It is disappointing that the opposition are trying to undermine the benefits of a budget which is finally giving something back to every worker in the country, writes Minister Simon Harris.

Simon Harris TD

AS A RESULT of October’s budget, everyone who pays tax or the Universal Social Charge will be better off from January. That is a fact. It is therefore disappointing that the opposition are trying to undermine the benefits of a budget which is finally giving something back to every worker in the country.

There is a clear agenda in the opposition ranks to misrepresent Fine Gael as the party that looks after the high earners in society. However this does not stand up to the most basic scrutiny. That’s because it is politically motivated and untrue.

Regarding the recent ESRI report on Budget 2015, the SWITCH model of analysis used by the ESRI excluded a number of important budget measures, such as the back-to-work family dividend, the housing assistance payment and the effective abolition of the pension levy.

Over 410,000 of the lowest earning people no longer pay any tax on their income as a direct result of budgets introduced by the government and you cannot benefit from tax cuts if don’t pay any tax.

I would ask people to judge us not on lazy perceptions proffered by the opposition but on the merits of our economic policy. I certainly never start out my day in the Department of Finance thinking how can I be unfair today, quite the opposite.

The recent budget is underscored the commitment of this government to reduce tax on low earners and the squeezed middle. Every single measure of this progressive Budget has been underscored by the need for fairness, job creation and economic growth.

Does not favour the well off

The second or higher rate of tax is not a tax paid only by high earners as Fianna Fáil and Sinn Fein would have you believe. It is a tax on middle Ireland, middle income earners, people working in our public services and in our SMEs, in factories and our offices – not wealthy people, normal, hardworking people. In fact, the higher tax rate effects people earning less than the average annual wage.

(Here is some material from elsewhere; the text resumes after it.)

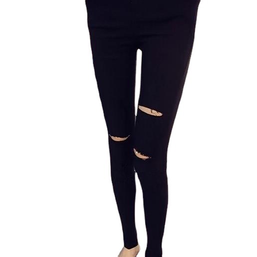 plus size Women's Pants with Holes Leggings Women's Outer Wear Thin Black Chubby Foot Cropped Pants Jin Spring and Autumn Summer

If you currently earn more than €32,800 you pay the higher rate of tax, even though you earn €3,000 less than the average annual wage. From January, the higher rate will begin at €33,800. And we intend in future budgets to continue to push this rate upwards so that average earners aren’t paying the higher rate of tax.

Any analysis of the budget will disabuse people of the notion that it favours the well off. The Budget reduced the higher rate of tax by 1 per cent but capped the benefits of that cut on earnings over €70,000 by the introduction of an extra rate of USC. How does that favour higher earners?

If you use the tax calculator on the Fine Gael website you will see that if you type in €70,100 you will benefit from the recent budget to the tune of €747. And if you type in any figure over €70,100 the tax back figure will remain exactly the same. The benefit does not increase the more income you earn because we have capped it.

More than 80,000 of the lowest paid workers in the State will no longer pay USC from January as a result of the Budget. This brings to 410,000 the number of people we have removed from this tax. The rate of USC on people paying the standard rate of tax has also been significantly reduced.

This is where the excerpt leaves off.